No question, it’s possible -- Kahne and Jeff Gordon did just that last season, both of them overcoming snake-bitten starts to 2012 and rallying in time to claim the wild-card berths to the Chase. And reigning champion Brad Keselowski’s breakout season of 2011 opened miserably, with him standing 25th in points on Memorial Day weekend before he won three times and vaulted into the thick of the championship race.

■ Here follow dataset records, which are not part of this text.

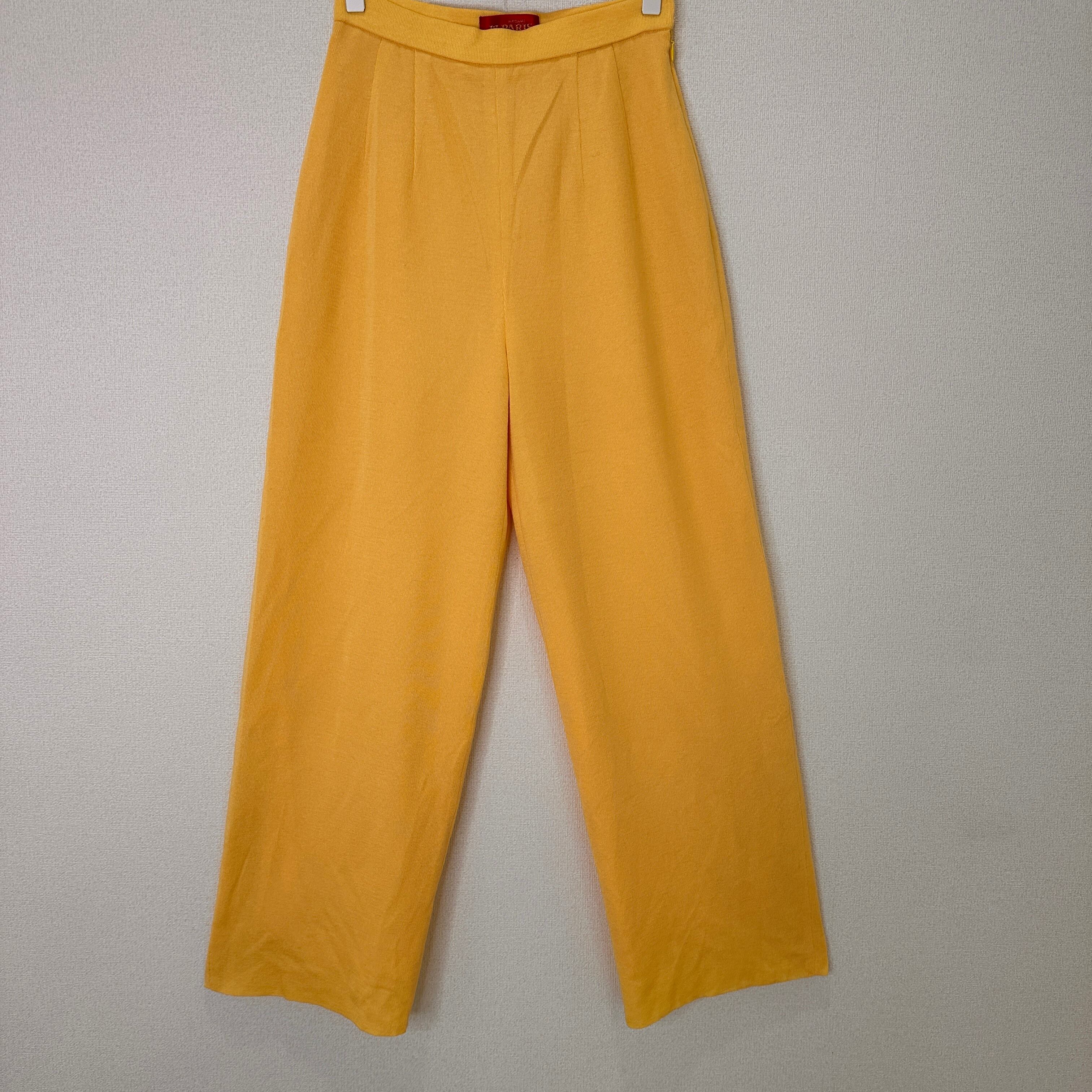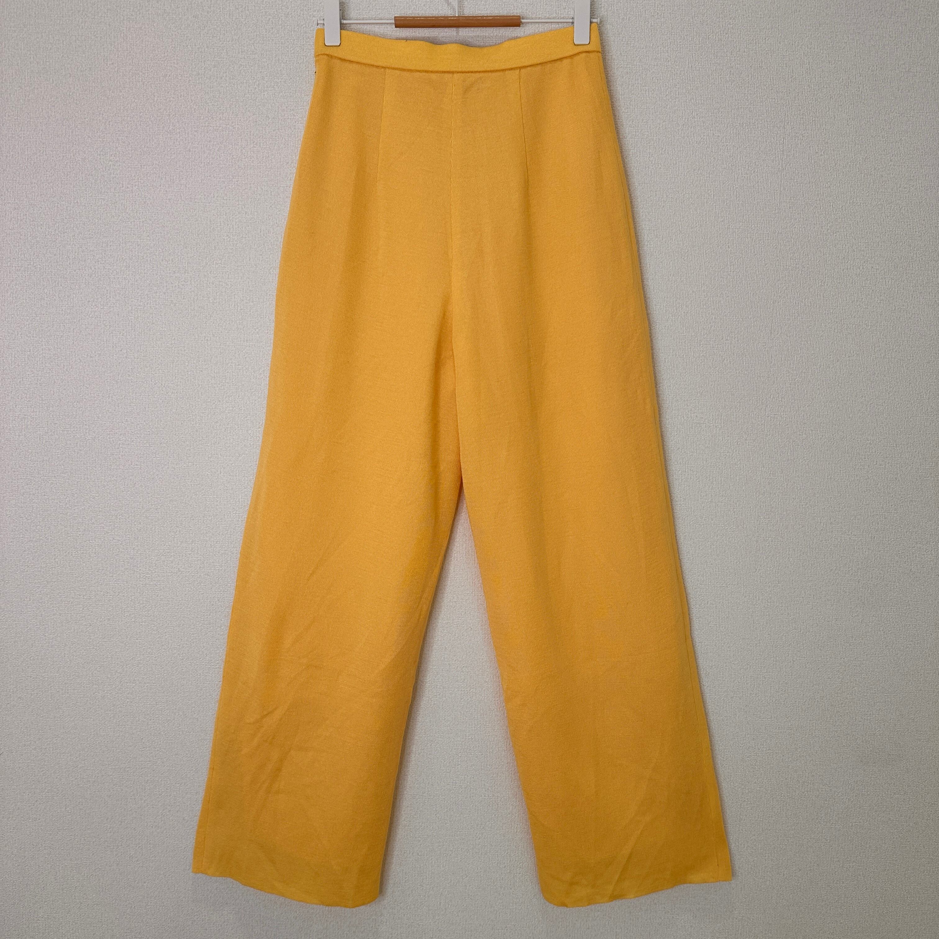 目立った傷や汚れはありませんが、中古品にご理解いただける方のみご購入をお願いいたします。イエローのワイドパンツ、スタイリッシュなデザインで、カジュアルからフォーマルまで幅広く活躍します。
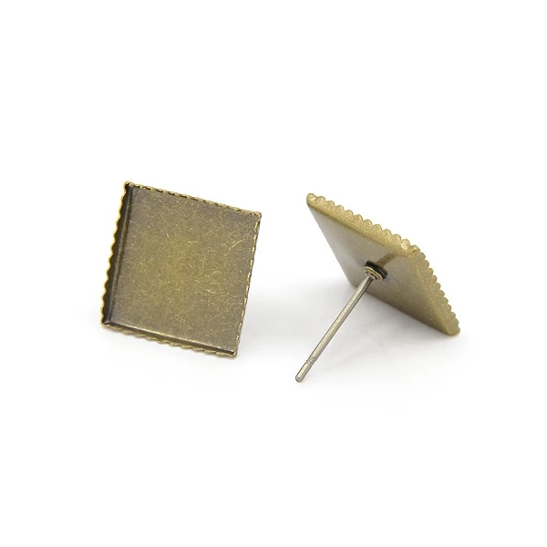 Antikolt bronz színű négyzetes fülbevalóalap (12x12mm)
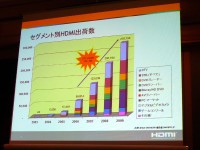 「HDMIは多くの種類の機器に搭載できるのが特長である」と語る同氏は、HDMIを搭載するPCが急増していることもアピールし、これらの要因として、次世代ディスクドライブ搭載モデルが増えたことや、映像をテレビへ出力することが多くなったことを挙げた。
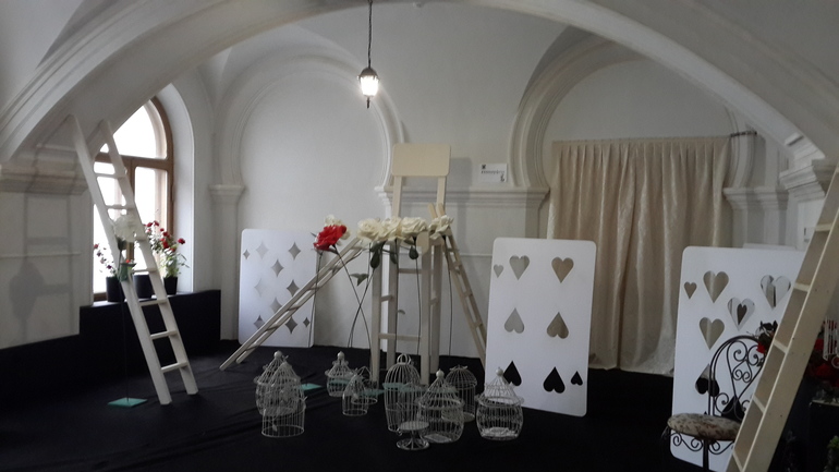 Из этого же зала через маленькую дверь можно попасть в дом белого кролика - помещение над лестницей.
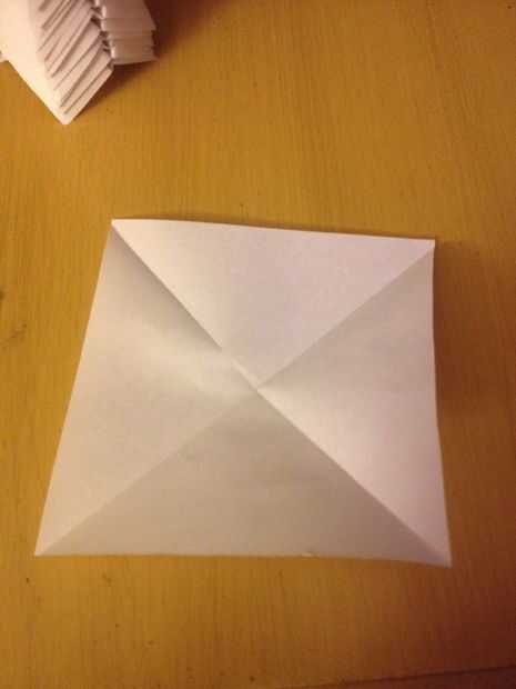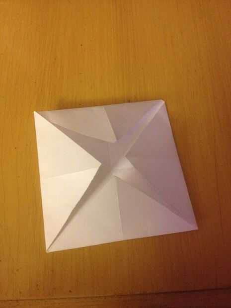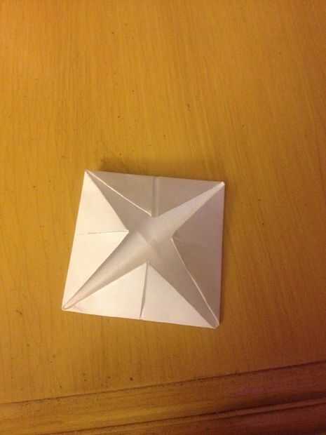 a continuación tomamos una de nuestras plazas y pliegue a lo largo de dos diagonales. Entonces nos doble las esquinas hacia el centro. Siguiente paso muy importante es voltear todo, luego te retiras simplemente todos los rincones nuevo.
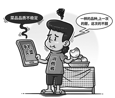 随着移动互联网的发展,菜市场加快从线下搬到线上,通过手机APP买菜成为不少年轻消费者的选择。手机买菜看上去方便快捷,但记者在采访中听到的吐槽也不少:菜品品质不稳定;图片和实物不符,货不对板;价格先便宜后贵等。
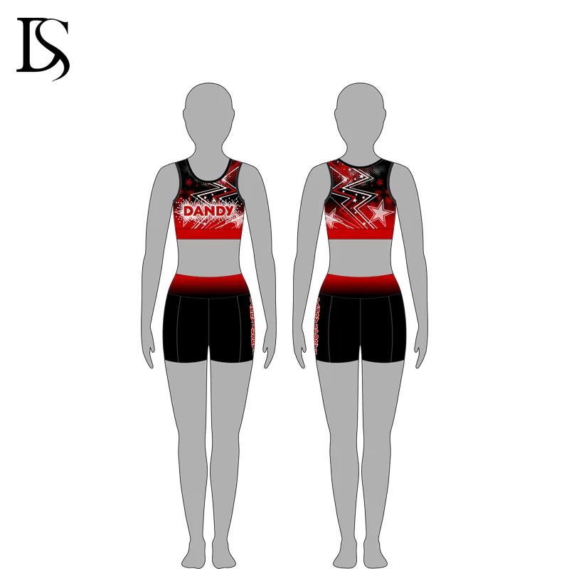 Hot Sale Cheerleading Practice wear Cheer Training Wear Rhinestones Crop Top and Cheerleader Shorts
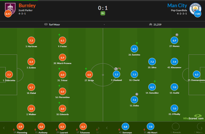 本场比赛曼城在客场创造出了非常多有威胁的进攻机会,但是临门一脚的表现不佳,好在哈兰德开场闪击得手,帮助球队打入全场唯一进球,最终1-0击败伯恩利,在积分榜上超越阿森纳登顶。

“It can either tear you completely apart, or make you stronger,” Gordon said of the experience. “And I think in our case, it made us stronger, and I think that’s just a sign of how strong-knit a team we are and how we communicate. Because we were challenged every weekend with good race cars and bad results. We just kept fighting through it. But in this sport, in this day and age, it’s so competitive so far back, it’s hard to fight your way out of that type of a hole if you get into one early in the season. You have to perform really well and really go on a streak to get out of it.”
And not every team is capable of doing that. Last season, Gordon and Kahne were both buoyed by the knowledge that their cars were much better than their finishes, which gave them hope that a recovery was ultimately possible. But that’s not always the case, and teams that struggle for reasons relating more to performance can find it very difficult to make the kind of run or knock out the number of race victories it may take to get back in contention.

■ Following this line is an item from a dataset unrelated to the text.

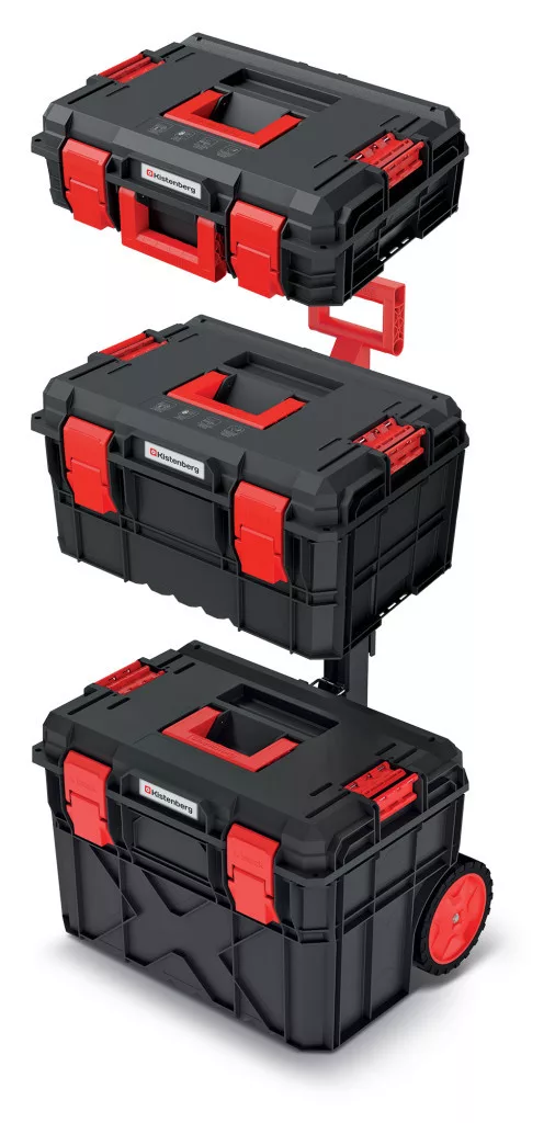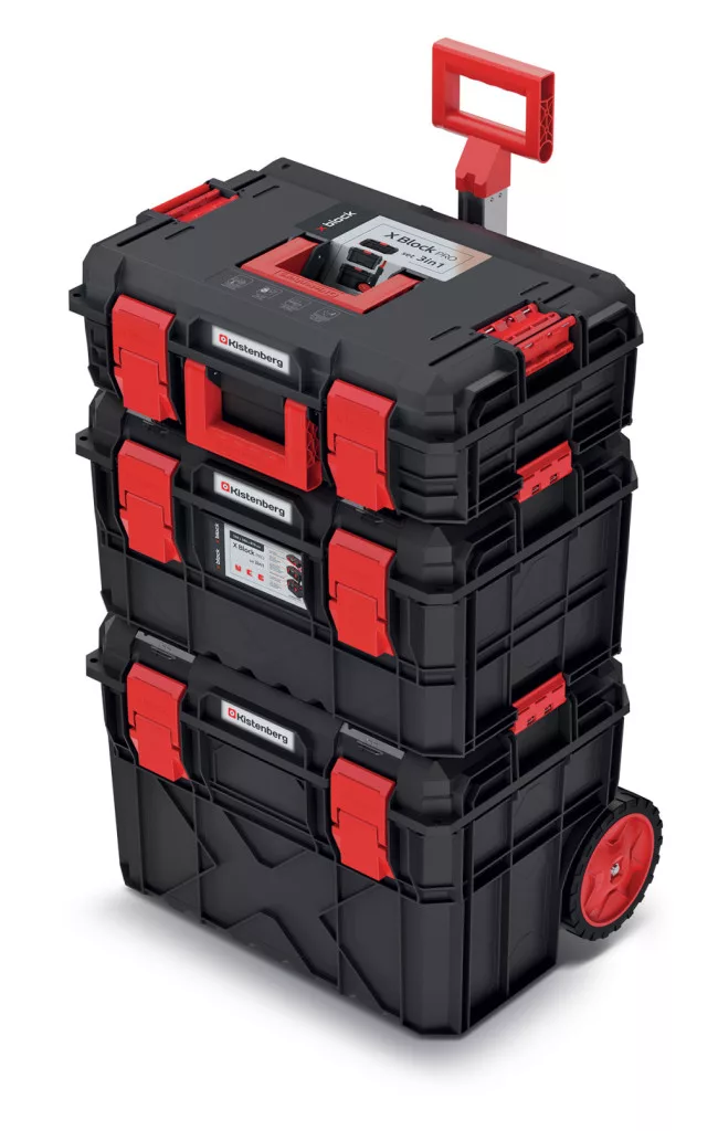 Ez a prémium minőségű szerszámosláda szett három különböző méretű tárolóegységből áll, amelyek tökéletesen illeszkednek egymáshoz. A rendszer alapját egy gurulós alapegység képezi teleszkópos fogantyúval, amelyre további két kisebb méretű tárolódoboz rögzíthető biztonságosan.

“Two races in, not a big hole. But when you get three or four races in and you’re still 30th in points, you’re starting to dig a big hole, and you’ve got to go. To overcome that, you have to have really good finishes, and you probably have to have wins. You probably at that point have to start looking at wins,” said Jeff Burton, who has endured his share of tough starts in recent years.

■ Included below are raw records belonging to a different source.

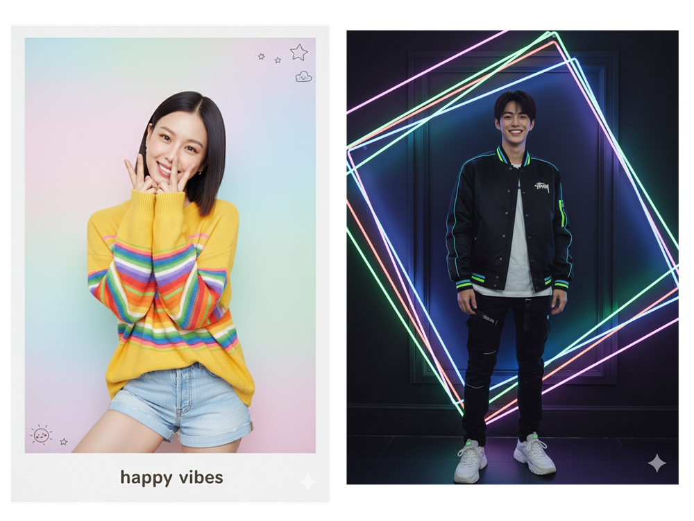 Untuk kesan modern dan berkelas, pilih gaya neon. Gunakan background gelap elegan, lalu tambahkan garis neon glowing warna-warni berbentuk frame 3D di belakang subjek. Fokuskan pencahayaan pada wajah agar terlihat seperti hasil studio, sementara bagian sekitarnya dibiarkan gelap untuk menambah kontras. Gaya ini cocok untuk nuansa photobox ala event atau pameran.
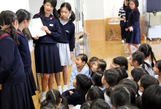 低学年にも書物を楽しんでもらるよう図書部の6年生が、お昼休みにフリールームで読み聞かせをしました。 |
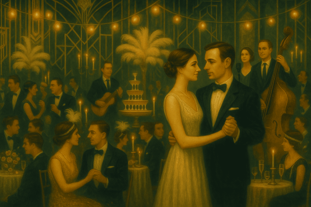 Pour un mariage à thème Gatsby ou inspiré des années 30, nous recréons l’atmosphère festive et élégante de l’époque.
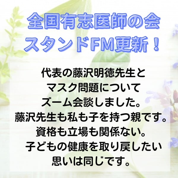 全国有志医師の会 代表藤沢明徳先生とマスク問題を語る。
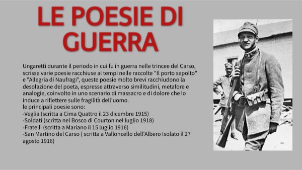 Ungaretti durante il periodo in cui fu in guerra nelle trincee del Carso, scrisse varie poesie racchiuse ai tempi nelle raccolte "Il porto sepolto" e "Allegria di Naufragi", queste poesie molto brevi racchiudono la desolazione del poeta, espresse attraverso similitudini, metafore e analogie, coinvolto in uno scenario di massacro e di dolore che lo induce a riflettere sulle fragilità dell'uomo.le principali poesie sono: -Veglia (scritta a Cima Quattro il 23 dicembre 1915) -Soldati (scritta nel Bosco di Courton nel luglio 1918) -Fratelli (scritta a Mariano il 15 luglio 1916) -San Martino del Carso ( scritta a Valloncello dell'Albero Isolato il 27 agosto 1916)
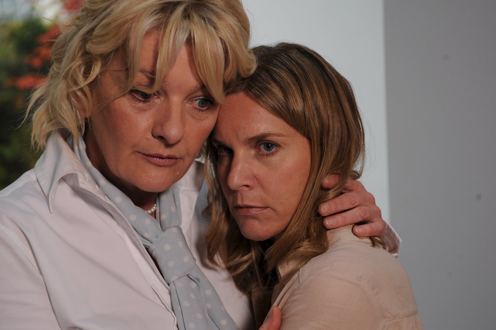 Koi AhoiVivienne Sänger (Nele Mueller-Stöfen, r.) ist vollkommen verstört, nachdem sie ihren Mann tot im Garten gefunden hat. Linda Kohlhaas (Saskia Vester, l.), ihre Freundin und gleichzeitig Nachbarin, versucht sie zu beruhigen.Bild: © ZDF und Markus Fenchel

“It’s a 26-race (regular-season) schedule, so when you’re five in, and you’re 30th in points, you’ve got to pass all those people in 21 races to get where you need to be. And that’s very difficult to do. Kahne and them did it last year, but they won races. You’ve got to be on your game to overcome that big of a hole. We’re not there yet. Two races in, we’re not there yet. Someone will leave here in a bigger hole than they’re in today. Not us. But it gets harder and harder as the weeks go by.”
Even an eventual recovery can come with a price -- Gordon’s team spent so long trying to make up their deficit, making the Chase by the barest of margins on the final night of the regular season, it was clearly spent when it became time to decide the championship. Even so, he believes that experience strengthened the bonds between members of his race team, which paid off in the form of a victory in the season finale at Homestead and a much more promising start to this year.
“I think that is the best thing that happened to us, even though I don’t like the way we ended up the season,” said Gordon. Of course, it certainly didn’t seem that way at the time, as the hole got deeper following one misfortunate event after another. Some teams are staring at that exact circumstance now, although the level of concern can vary.“It’s so early right now,” said Tony Stewart, 23rd in points after a crash in the Daytona 500 and a top-10 run at Phoenix. “There are so many things that can happen. I think it’s way too early to be thinking about that. I think if you’re a team that’s worrying about it right now, I think you’re worrying about making it in to begin with. I think the teams that have confidence that they’re going to be in or should be in the Chase probably aren’t too concerned about it.”